K:  We are all already in relationship.  Perhaps the hardest to fathom. This does not mean you are giving something of yourself up.  Maybe our understanding of relationship and “we” is based on our understanding of history. Someone, a side, always loses.  Writing a new narrative, a new history, will push against everything we know about being in relationship. We did not listen nor learn at first contact, we simply overtook.  Niigaan showed us video and stated simply that Canada always fires first. Sides are taken and lines are drawn…someone is losing something. Who I am… felt contingent on place and where I feel safe.  I have thought about this a lot… but I have changed. You changed me, Troy changed me, Colinda and The Beast changed me. I cannot know. Relationship means not knowing.

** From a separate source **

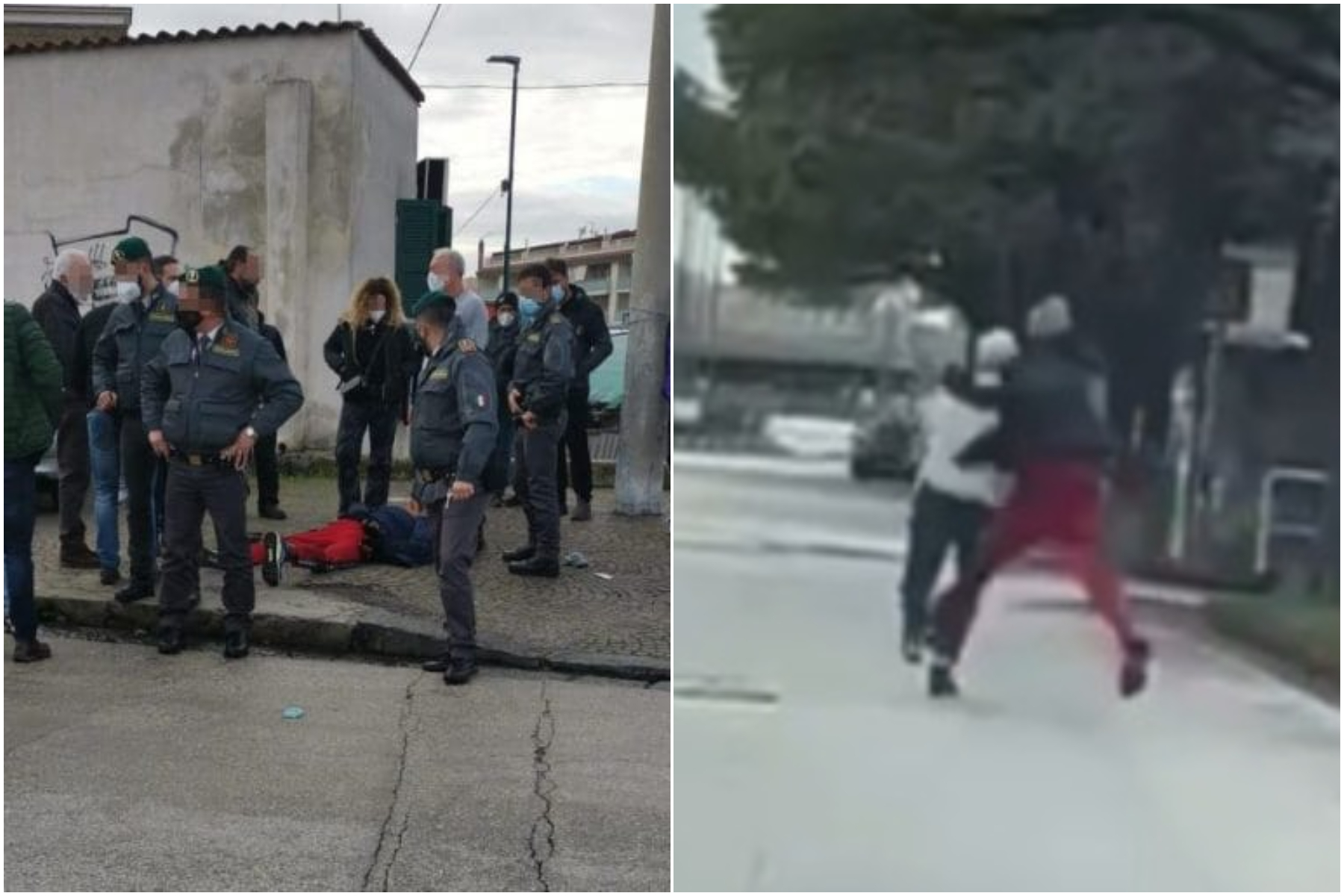 Dal video pubblicato dalla pagina social Welcome to Favelas, si vede l’uomo in stato confusionale che corre in strada armato di coltello e inseguito da alcuni finanzieri in borghese. Dopo aver tentato di accoltellare un militare, sono stati esplosi in totale, almeno da quanto emerge dal filmato, cinque colpi d’arma da fuoco, alcuni dei quali hanno ferito l’uomo alle gambe.

Knowing is the opposite to listening and empathy.  Who I am…my safe place is in that space. But… I still want to scream from the rooftop… that is my heart.

A:  You are making me think about place.  You are in a new building but still here in this place.  I’m thinking about how small I am in this place. Snowmagedden and mother earth and the trees have perspective that brings us back to relationship.

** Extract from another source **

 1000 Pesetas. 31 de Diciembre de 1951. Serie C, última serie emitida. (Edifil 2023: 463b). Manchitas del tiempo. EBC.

K: Small.  Incredibly small.  But the idea that we are teeny tiny and the least important is incredibly warm and wise.  It feels like the pressure to know, to be in charge, to rule the world is off. We are here to learn.  I have a friend that uses the hashtag #bettertogether. To look beside and feel the pull and wonder of what we actually cannot know alone.  I stood in a school yard two days ago. Deep snow and children in different states of place in the snow. They did it without thinking. I have a picture of a student and the principal making snow angels as a snow squall whipped around us.  That place, perspective… basic and fundamental…relationship in that form. Beside. Small. How do we step off of our side and into place?

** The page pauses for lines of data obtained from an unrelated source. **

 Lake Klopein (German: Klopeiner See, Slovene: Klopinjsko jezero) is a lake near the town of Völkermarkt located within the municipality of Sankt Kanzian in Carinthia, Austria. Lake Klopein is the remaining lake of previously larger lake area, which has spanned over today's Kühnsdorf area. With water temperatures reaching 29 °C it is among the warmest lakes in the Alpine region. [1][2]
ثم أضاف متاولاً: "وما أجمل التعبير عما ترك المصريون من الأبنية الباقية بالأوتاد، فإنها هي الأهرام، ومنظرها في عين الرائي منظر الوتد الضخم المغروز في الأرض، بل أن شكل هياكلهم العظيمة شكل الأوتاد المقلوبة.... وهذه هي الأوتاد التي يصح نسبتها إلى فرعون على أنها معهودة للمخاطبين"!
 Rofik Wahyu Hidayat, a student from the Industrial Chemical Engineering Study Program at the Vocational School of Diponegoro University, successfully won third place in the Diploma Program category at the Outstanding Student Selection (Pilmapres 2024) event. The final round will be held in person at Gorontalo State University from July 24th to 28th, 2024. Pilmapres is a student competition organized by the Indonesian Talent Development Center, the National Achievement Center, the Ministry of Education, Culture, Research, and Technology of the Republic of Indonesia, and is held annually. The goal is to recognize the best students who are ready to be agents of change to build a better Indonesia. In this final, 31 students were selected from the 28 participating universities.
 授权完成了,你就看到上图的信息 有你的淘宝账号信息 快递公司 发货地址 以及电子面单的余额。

A:  I don’t know. Lol. I like the blur and the circle.  Place feels like a giant reminder to stay there. I want to put that reminder in front of everything.  Everything in me everyday is go and do and schlepp and answer. I don’t know. I really don’t. So for now, maybe not everything.  My children remind me.

K: They only remind you because you are listening.  The shlepping and the doing for the sake of doing more and faster is a place destroyer.  I think about Heather (Leads Heather), “you really have to decide who to #sitbeside.” It just occurred to me this very second as I typed her words – the person who needs you to #sitbeside you the most is you.  The blur and the circle begin with our own uncertainty and we have to be listening for it. If we are not open to our own, how in the world could we have empathy for someone else’s not knowing or knowing for that matter.  

I wanted to hear Isaac in the car when you left Niigaan on Monday night.  My mom called me when she got home and the next morning. “I feel something in my stomach I have never felt before Kel. Do you feel it?”

A: That is magic.  He said “I can do that. I want to do that.”  He doesn’t know the damage and wants to help and lead.  I know that he will make change in the world, in his relationships.  He was instantly connected to Niigaan. The most incredible moment was during the talk.  Niigaan was telling us about the spontaneity of experience, the way we change every time we look toward the other side of the tree, and are in a constant state of becoming.  Isaac leaned over to me and said, “That’s learning.”